## THE PROBLEM
Please copy every record below exactly, but leave the pictures out.

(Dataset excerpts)
BEGIN

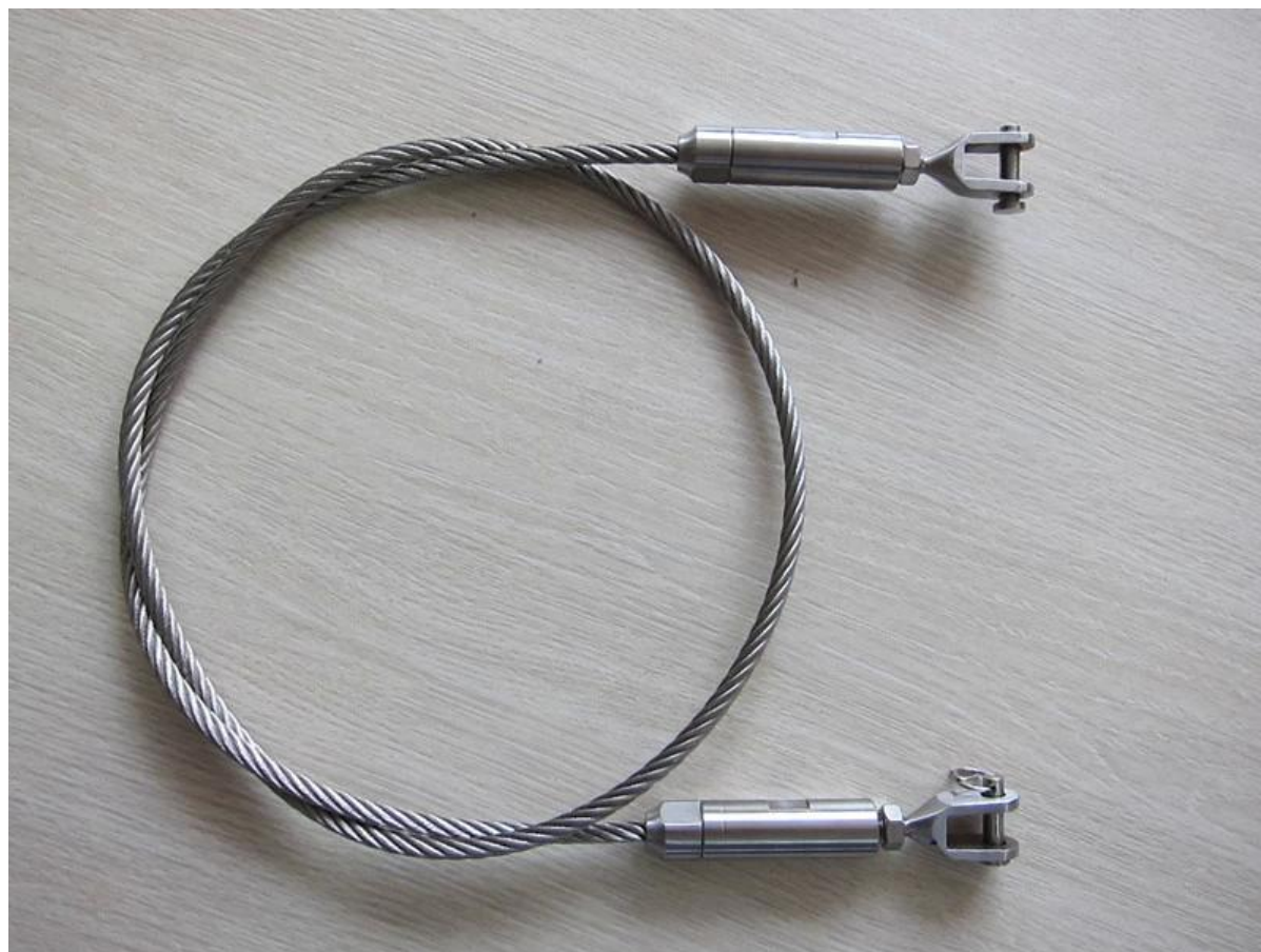
Regolatore di acciaio filo per ringhiera fune, tenditore del cavo per cavo ringhiera, ringhiera fune per balcone e scale
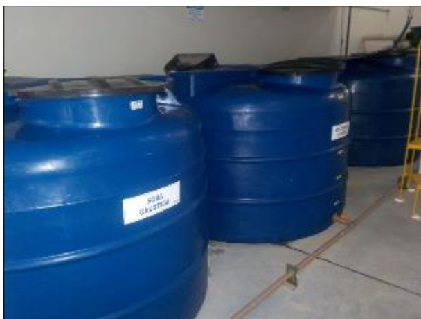
Figura 38: Vista dos recipientes contendo os produtos químicos utilizados no tratamento da ETA II.
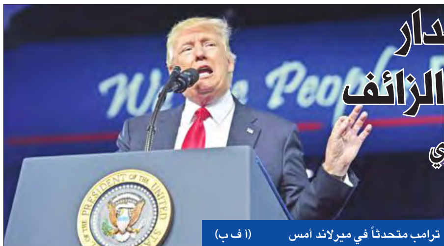
ترامب متحدّثاً في ميرلاند أمس (أ ب)

وكانت زعيمة الجبهة الوطنية تتحدث في باريس أمام العديد من الصحفيين وممثلي 42 دولة أجنبية، ضمنهم سقراء تايوان وكامبوديا وكوبا والصين وأميركيون، وفقاً للجهة. وتابعت لوبن التي تهاجم الاتحاد الأوروبي منذ زمن «علينا وضع حد لهذا الوحش البيروقراطي». وأكدت أن الاتحاد الأوروبي «يقزّم فرنسا، ويفصلها عن العالم، أرحب بولادة الشعوب الأوروبية ضد الاتحاد، من أجل أوروبا كقارة»، في إشارة إلى بريكس في يونيو 2016. وقالت لوبن: «سنبني أوروبا أخرى»، وتعددت في حال انتخابها بإصلاح المعاهدات الأوروبية، وأشراك فرنسا بقوة في بناء أوروبا الأمم الحرة.
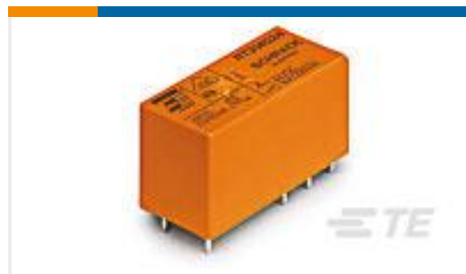
TE 产品编号7-1393239-7 RT314A03
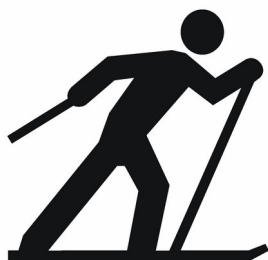
P38. Skijaško trčanje
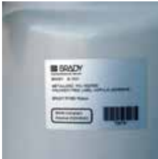
10年*耐候性銘板ラベル B-7531 *社内テスト

STEP2 現場にて M611専用モバイルアプリ「エクスプレスラベル」 をインストールしたスマートフォンやタブレットで印字。 1枚でも複数枚でも必要な枚数だけを印字できる。
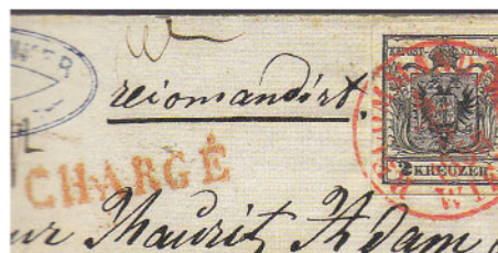
Obr. 3 Výrez z listu do Paríža z roku 1858 s červenou pečiatkou CHARGÉ

Pre úplnosť treba doplniť, že pomocné pečiatky mali napríklad ľahku červenu, modrú či žltú. Na obr. 3 je ukážka časti dopravného listu do Paríža s pečiatkou CHARGÉ v červenej farbe (Ferchenbauer [3]). Týmto spôsobom boli označované doporučené zásielky pri prechode cez franciecke hranice v období platnosti I. a II. vydania výplatných známok RL.
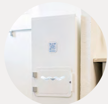
Mimboxen filtrerar bort mikroplaster ur tvättvattnet. Den analyserar också hur rent vattnet är.

– Vi vill bidra till att minska vårt klimatavtryck och nå FN:s globala mål. På så sätt hjälper vi både våra hyresgäster och planeten. ■
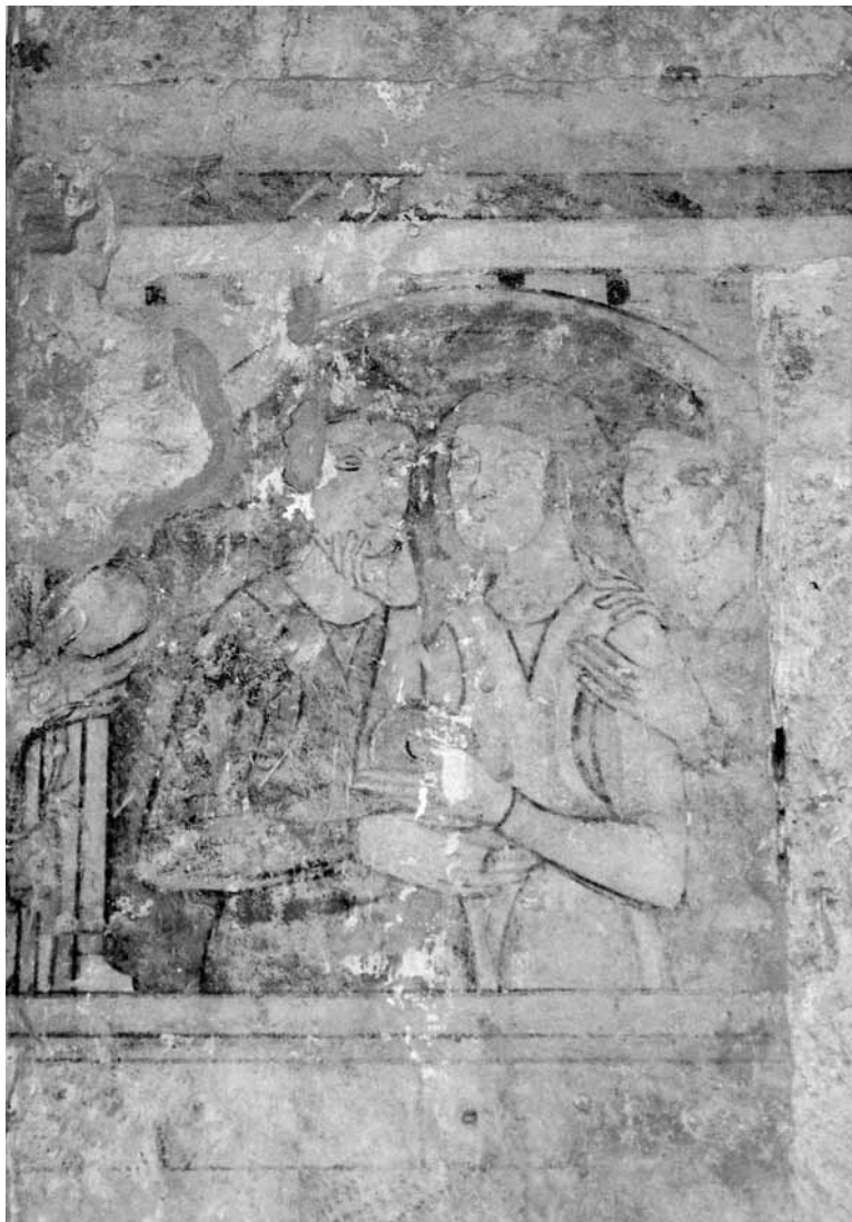
Slika 4: Sv. Nikolaj obdaruje revne neveste, južna slavoločna stena v cerkvi, ok. leta 1310

V kronološko prvo skupino Steletovega korpusa odkritih fresk sodi še votivna podoba Imago pietatis pod nekdanjim zvonikom samostanske cerkve nad prehodom v križni hodnik (slika 5). Trpeči Kristus stoji pod ne navadno robustno skonstruiranim baldahinom in v sarkofagu, za njim je viden črn križ, ob njem na desni strani pa kleči menih z napisnim trakom in napisom: MISERERE MEI DEVS . Zakaj se je slika znašla v ozkem prostoru ob nekdanjem prezbiteriju, Stele ni uspel razvozlati.
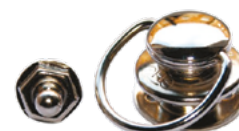
Bouton-pression avec oeillet Tenax
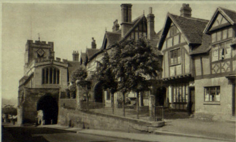
LEYCESTER HOSPITAL AND WEST GATE, WARWICK
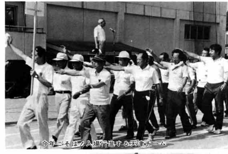
今年こそはノ入場行進する天津チーム

END

## WRITTEN ANSWER
Regolatore di acciaio filo per ringhiera fune, tenditore del cavo per cavo ringhiera, ringhiera fune per balcone e scale
Figura 38: Vista dos recipientes contendo os produtos químicos utilizados no tratamento da ETA II.
ترامب متحدّثاً في ميرلاند أمس (أ ب)

وكانت زعيمة الجبهة الوطنية تتحدث في باريس أمام العديد من الصحفيين وممثلي 42 دولة أجنبية، ضمنهم سقراء تايوان وكامبوديا وكوبا والصين وأميركيون، وفقاً للجهة. وتابعت لوبن التي تهاجم الاتحاد الأوروبي منذ زمن «علينا وضع حد لهذا الوحش البيروقراطي». وأكدت أن الاتحاد الأوروبي «يقزّم فرنسا، ويفصلها عن العالم، أرحب بولادة الشعوب الأوروبية ضد الاتحاد، من أجل أوروبا كقارة»، في إشارة إلى بريكس في يونيو 2016. وقالت لوبن: «سنبني أوروبا أخرى»، وتعددت في حال انتخابها بإصلاح المعاهدات الأوروبية، وأشراك فرنسا بقوة في بناء أوروبا الأمم الحرة.
TE 产品编号7-1393239-7 RT314A03
P38. Skijaško trčanje
10年*耐候性銘板ラベル B-7531 *社内テスト

STEP2 現場にて M611専用モバイルアプリ「エクスプレスラベル」 をインストールしたスマートフォンやタブレットで印字。 1枚でも複数枚でも必要な枚数だけを印字できる。
Obr. 3 Výrez z listu do Paríža z roku 1858 s červenou pečiatkou CHARGÉ

Pre úplnosť treba doplniť, že pomocné pečiatky mali napríklad ľahku červenu, modrú či žltú. Na obr. 3 je ukážka časti dopravného listu do Paríža s pečiatkou CHARGÉ v červenej farbe (Ferchenbauer [3]). Týmto spôsobom boli označované doporučené zásielky pri prechode cez franciecke hranice v období platnosti I. a II. vydania výplatných známok RL.
Mimboxen filtrerar bort mikroplaster ur tvättvattnet. Den analyserar också hur rent vattnet är.

– Vi vill bidra till att minska vårt klimatavtryck och nå FN:s globala mål. På så sätt hjälper vi både våra hyresgäster och planeten. ■
Slika 4: Sv. Nikolaj obdaruje revne neveste, južna slavoločna stena v cerkvi, ok. leta 1310

V kronološko prvo skupino Steletovega korpusa odkritih fresk sodi še votivna podoba Imago pietatis pod nekdanjim zvonikom samostanske cerkve nad prehodom v križni hodnik (slika 5). Trpeči Kristus stoji pod ne navadno robustno skonstruiranim baldahinom in v sarkofagu, za njim je viden črn križ, ob njem na desni strani pa kleči menih z napisnim trakom in napisom: MISERERE MEI DEVS . Zakaj se je slika znašla v ozkem prostoru ob nekdanjem prezbiteriju, Stele ni uspel razvozlati.
Bouton-pression avec oeillet Tenax
LEYCESTER HOSPITAL AND WEST GATE, WARWICK
今年こそはノ入場行進する天津チーム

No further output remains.